(What you need to do): Beneath this line are entries. Copy the range from the line with "Trung tâm Đào" to the line with "1944年6月6日,D-DA", ends included, exactly; leave pictures out.

(Data items)
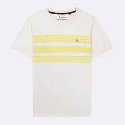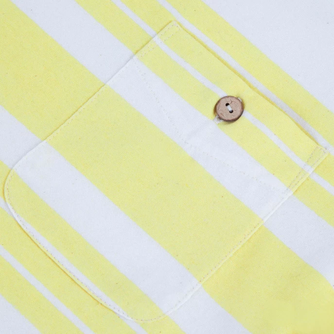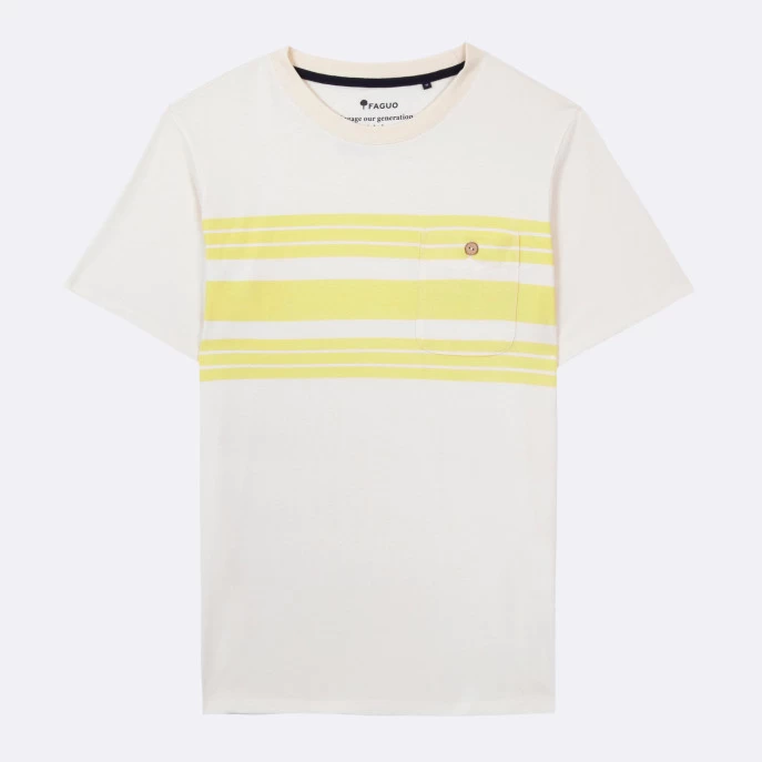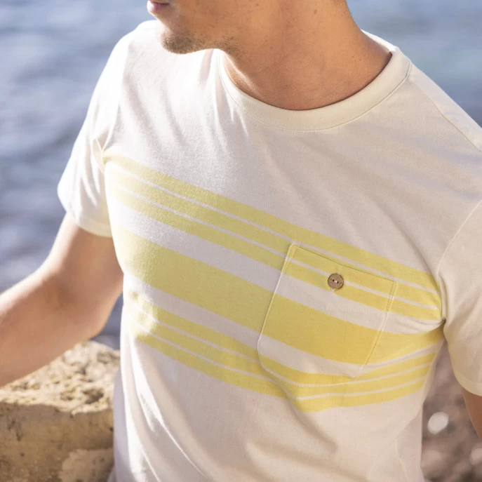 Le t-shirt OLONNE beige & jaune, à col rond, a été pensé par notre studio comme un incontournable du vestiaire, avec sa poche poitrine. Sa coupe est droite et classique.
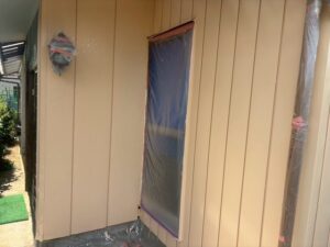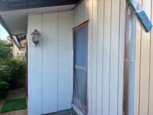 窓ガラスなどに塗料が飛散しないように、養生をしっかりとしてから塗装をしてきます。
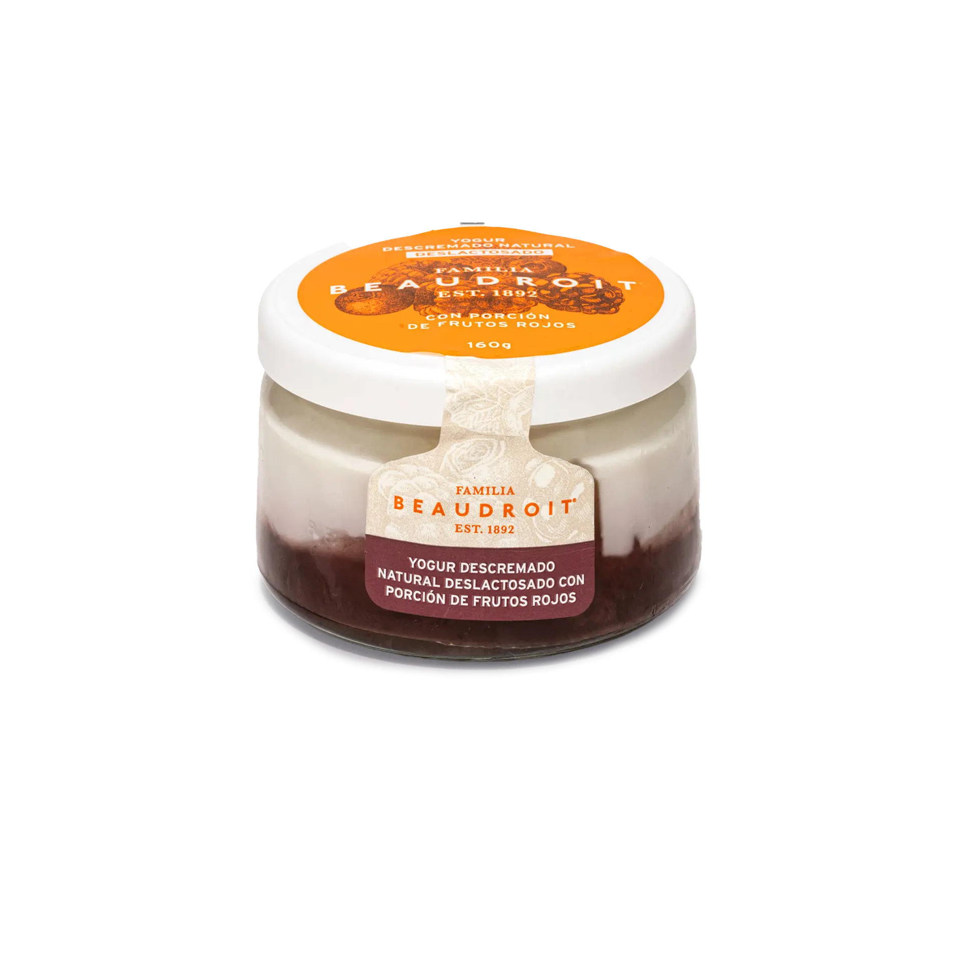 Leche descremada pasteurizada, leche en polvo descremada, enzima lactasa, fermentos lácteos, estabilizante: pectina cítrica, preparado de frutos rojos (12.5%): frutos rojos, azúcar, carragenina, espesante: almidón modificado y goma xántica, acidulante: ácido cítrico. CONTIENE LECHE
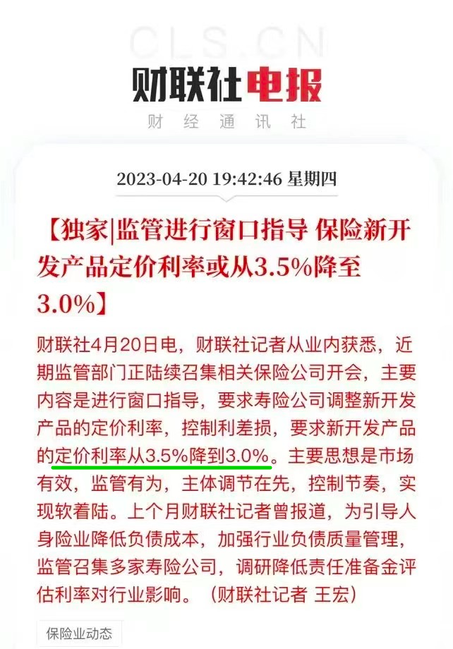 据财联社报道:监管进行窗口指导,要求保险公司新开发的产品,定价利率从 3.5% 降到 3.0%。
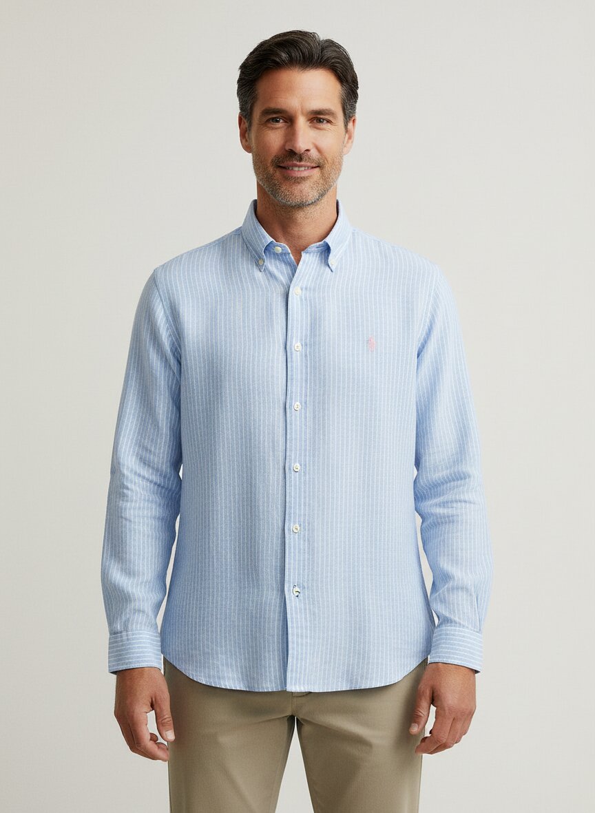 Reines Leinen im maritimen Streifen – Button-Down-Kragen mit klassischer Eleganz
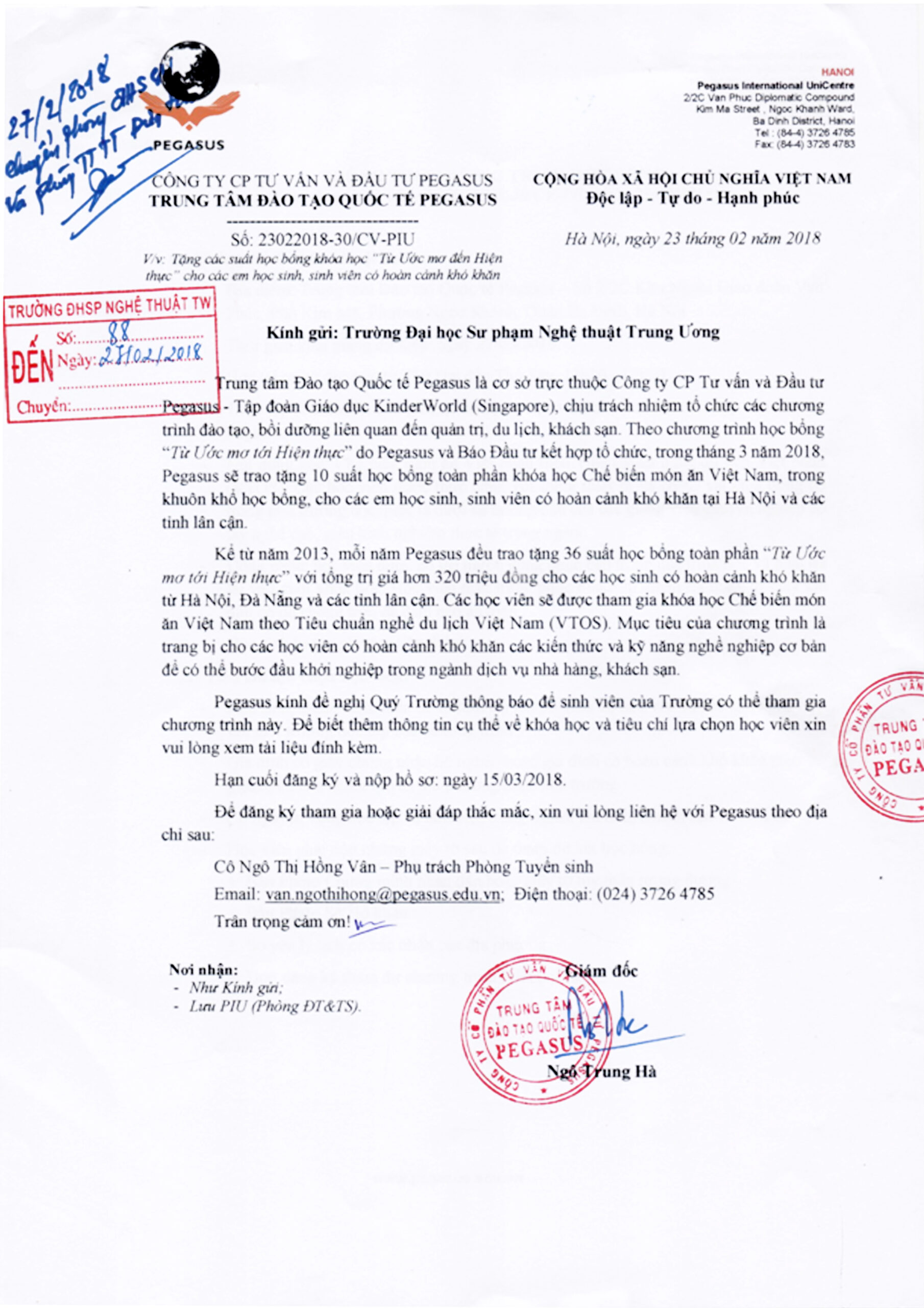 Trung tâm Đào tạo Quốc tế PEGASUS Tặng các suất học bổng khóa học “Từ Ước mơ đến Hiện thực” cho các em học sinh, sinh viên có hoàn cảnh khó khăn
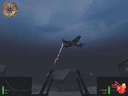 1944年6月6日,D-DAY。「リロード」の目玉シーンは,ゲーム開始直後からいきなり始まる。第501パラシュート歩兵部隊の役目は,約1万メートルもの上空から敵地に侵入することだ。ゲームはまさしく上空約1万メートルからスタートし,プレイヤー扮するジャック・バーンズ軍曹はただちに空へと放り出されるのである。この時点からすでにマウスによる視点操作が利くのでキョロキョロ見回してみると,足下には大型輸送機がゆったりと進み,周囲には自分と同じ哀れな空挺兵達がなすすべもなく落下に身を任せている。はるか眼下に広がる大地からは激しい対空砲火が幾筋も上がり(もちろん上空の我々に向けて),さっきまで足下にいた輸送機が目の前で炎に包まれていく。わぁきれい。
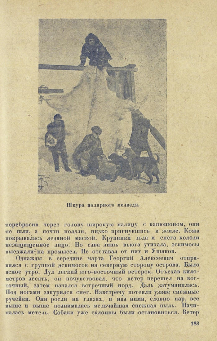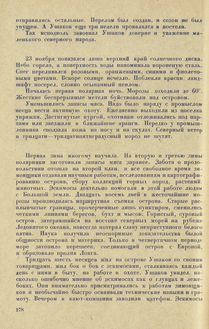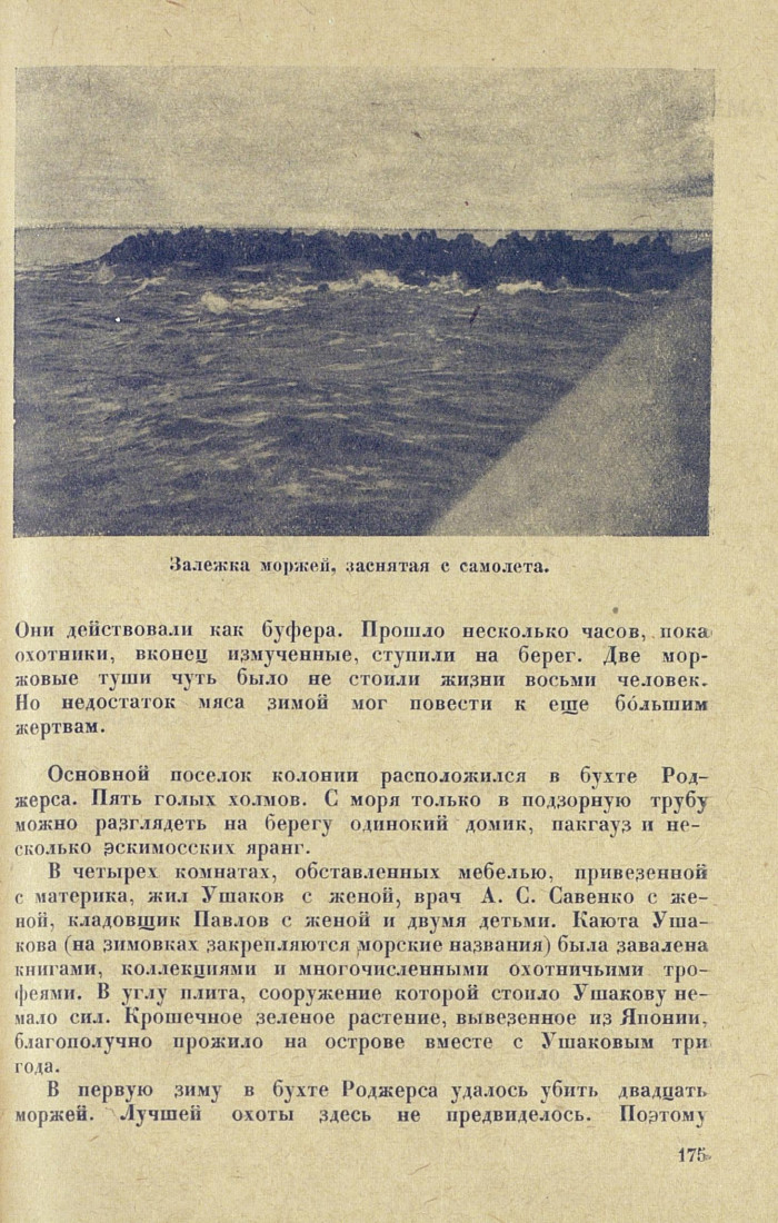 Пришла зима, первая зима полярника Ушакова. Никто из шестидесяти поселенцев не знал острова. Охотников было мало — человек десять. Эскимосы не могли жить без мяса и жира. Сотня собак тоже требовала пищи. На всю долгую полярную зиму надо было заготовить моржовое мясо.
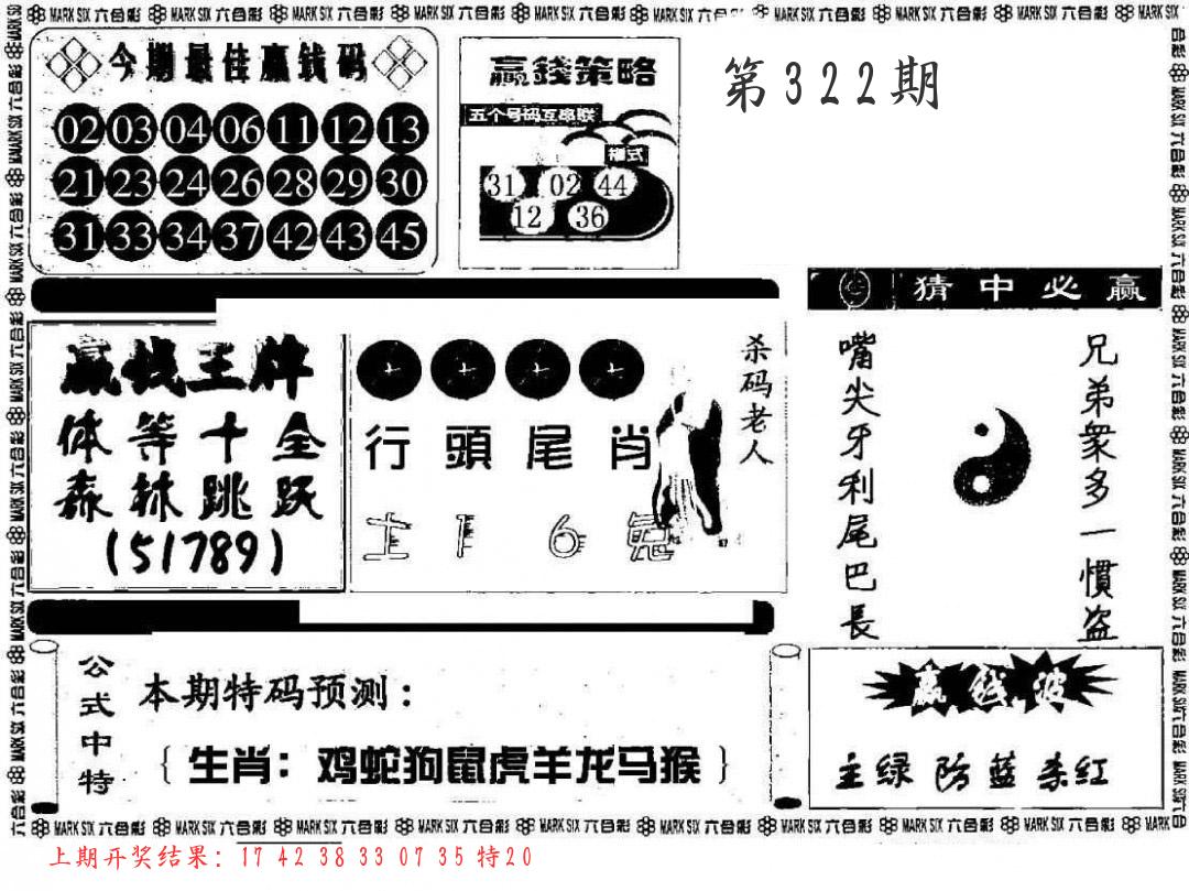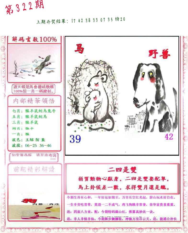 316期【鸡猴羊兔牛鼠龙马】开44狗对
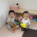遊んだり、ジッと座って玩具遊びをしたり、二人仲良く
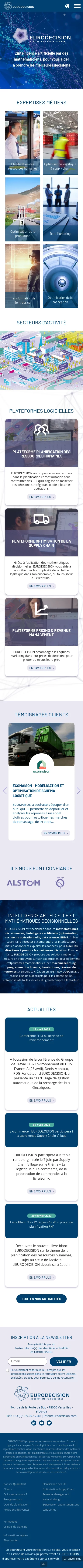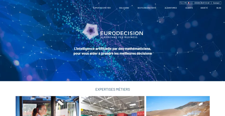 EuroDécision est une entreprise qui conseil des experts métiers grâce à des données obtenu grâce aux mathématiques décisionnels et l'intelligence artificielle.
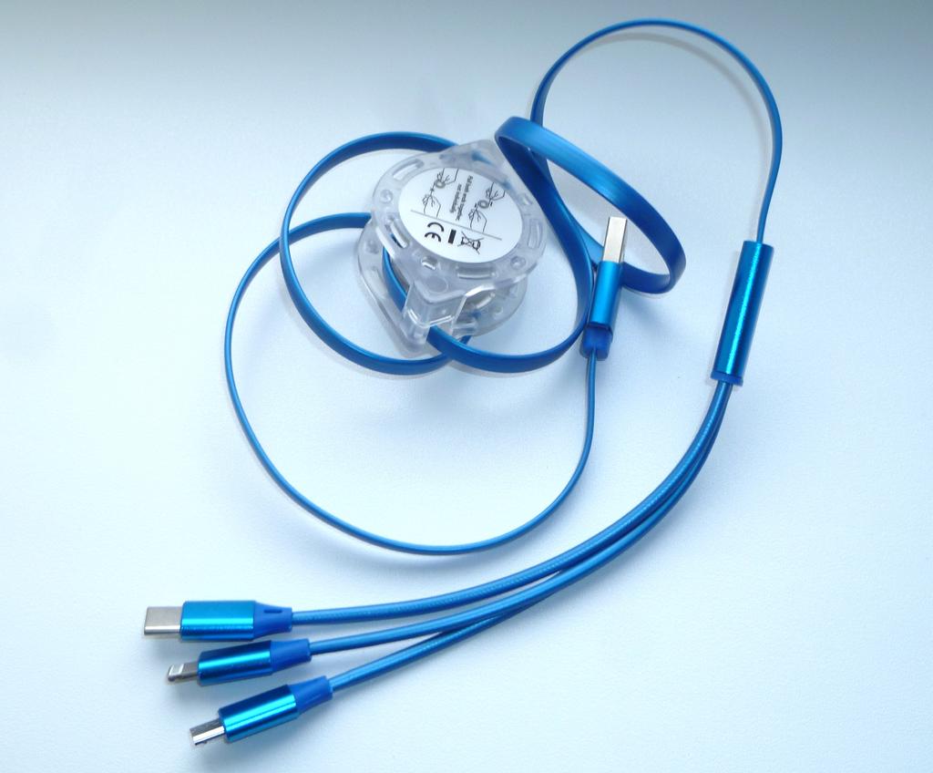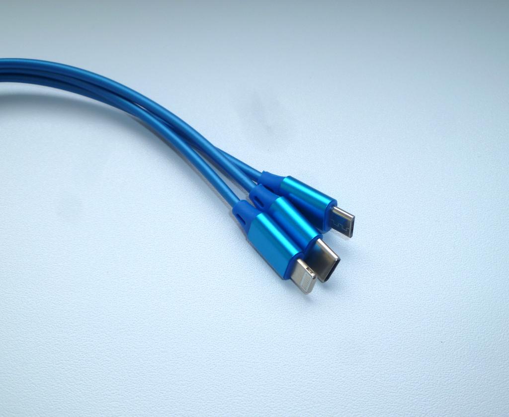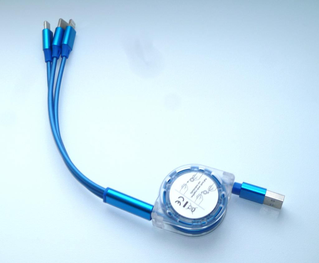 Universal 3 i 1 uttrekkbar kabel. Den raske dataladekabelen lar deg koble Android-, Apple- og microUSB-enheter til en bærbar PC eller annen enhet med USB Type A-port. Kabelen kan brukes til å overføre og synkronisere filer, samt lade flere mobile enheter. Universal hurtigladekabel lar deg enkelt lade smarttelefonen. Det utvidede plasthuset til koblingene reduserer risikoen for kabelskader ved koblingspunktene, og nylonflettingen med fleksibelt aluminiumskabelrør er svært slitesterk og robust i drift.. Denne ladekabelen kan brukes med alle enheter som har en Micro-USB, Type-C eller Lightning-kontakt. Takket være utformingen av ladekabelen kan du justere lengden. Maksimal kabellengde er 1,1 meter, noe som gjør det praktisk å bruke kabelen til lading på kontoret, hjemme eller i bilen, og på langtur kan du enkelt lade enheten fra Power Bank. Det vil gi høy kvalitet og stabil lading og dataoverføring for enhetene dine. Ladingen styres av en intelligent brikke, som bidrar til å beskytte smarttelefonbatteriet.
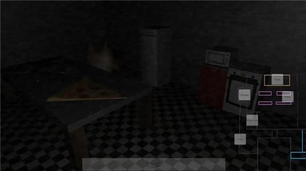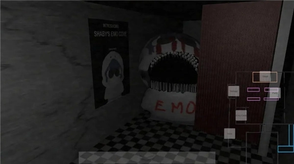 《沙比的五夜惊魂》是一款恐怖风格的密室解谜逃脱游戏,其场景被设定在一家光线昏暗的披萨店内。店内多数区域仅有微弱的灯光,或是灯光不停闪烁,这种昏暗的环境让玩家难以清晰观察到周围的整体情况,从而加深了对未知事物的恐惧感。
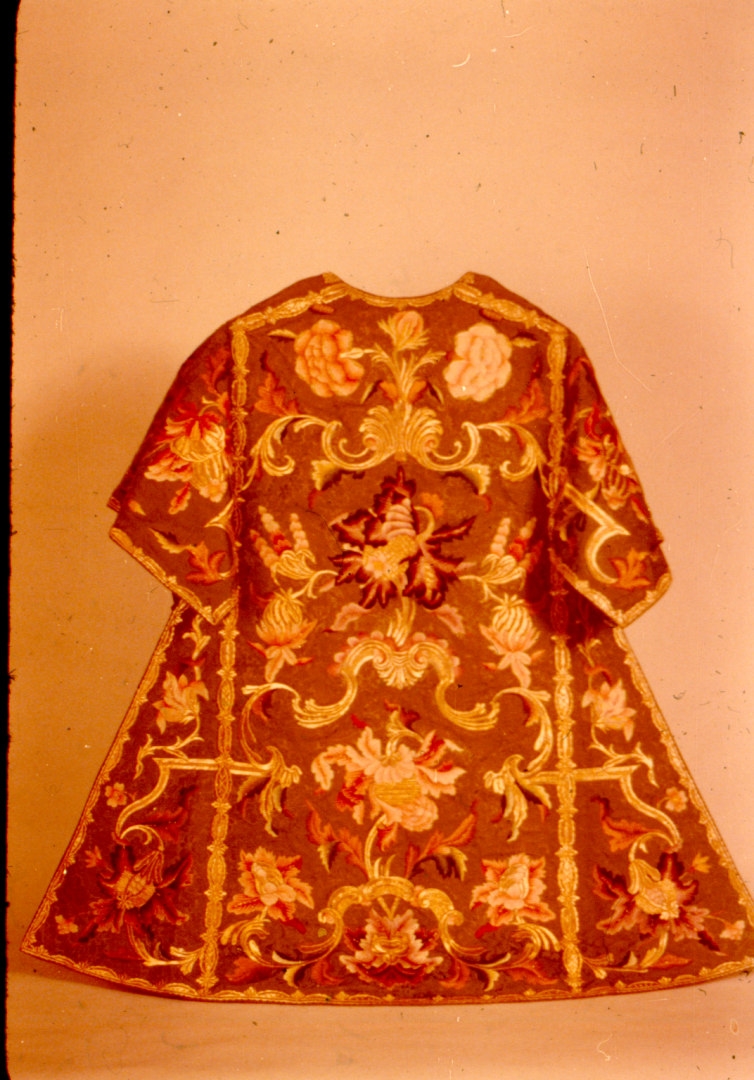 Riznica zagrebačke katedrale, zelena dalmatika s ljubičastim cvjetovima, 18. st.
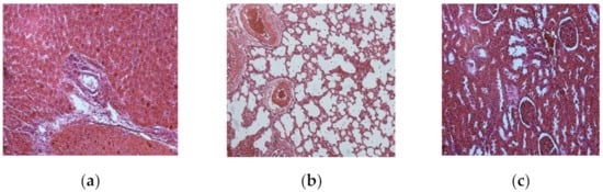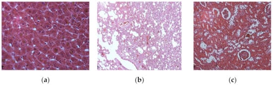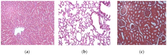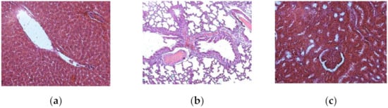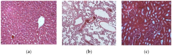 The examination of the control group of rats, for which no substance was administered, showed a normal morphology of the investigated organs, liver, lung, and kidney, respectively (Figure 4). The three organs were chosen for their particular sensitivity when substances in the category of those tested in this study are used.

(Solution for this exercise):
 Trung tâm Đào tạo Quốc tế PEGASUS Tặng các suất học bổng khóa học “Từ Ước mơ đến Hiện thực” cho các em học sinh, sinh viên có hoàn cảnh khó khăn
 1944年6月6日,D-DAY。「リロード」の目玉シーンは,ゲーム開始直後からいきなり始まる。第501パラシュート歩兵部隊の役目は,約1万メートルもの上空から敵地に侵入することだ。ゲームはまさしく上空約1万メートルからスタートし,プレイヤー扮するジャック・バーンズ軍曹はただちに空へと放り出されるのである。この時点からすでにマウスによる視点操作が利くのでキョロキョロ見回してみると,足下には大型輸送機がゆったりと進み,周囲には自分と同じ哀れな空挺兵達がなすすべもなく落下に身を任せている。はるか眼下に広がる大地からは激しい対空砲火が幾筋も上がり(もちろん上空の我々に向けて),さっきまで足下にいた輸送機が目の前で炎に包まれていく。わぁきれい。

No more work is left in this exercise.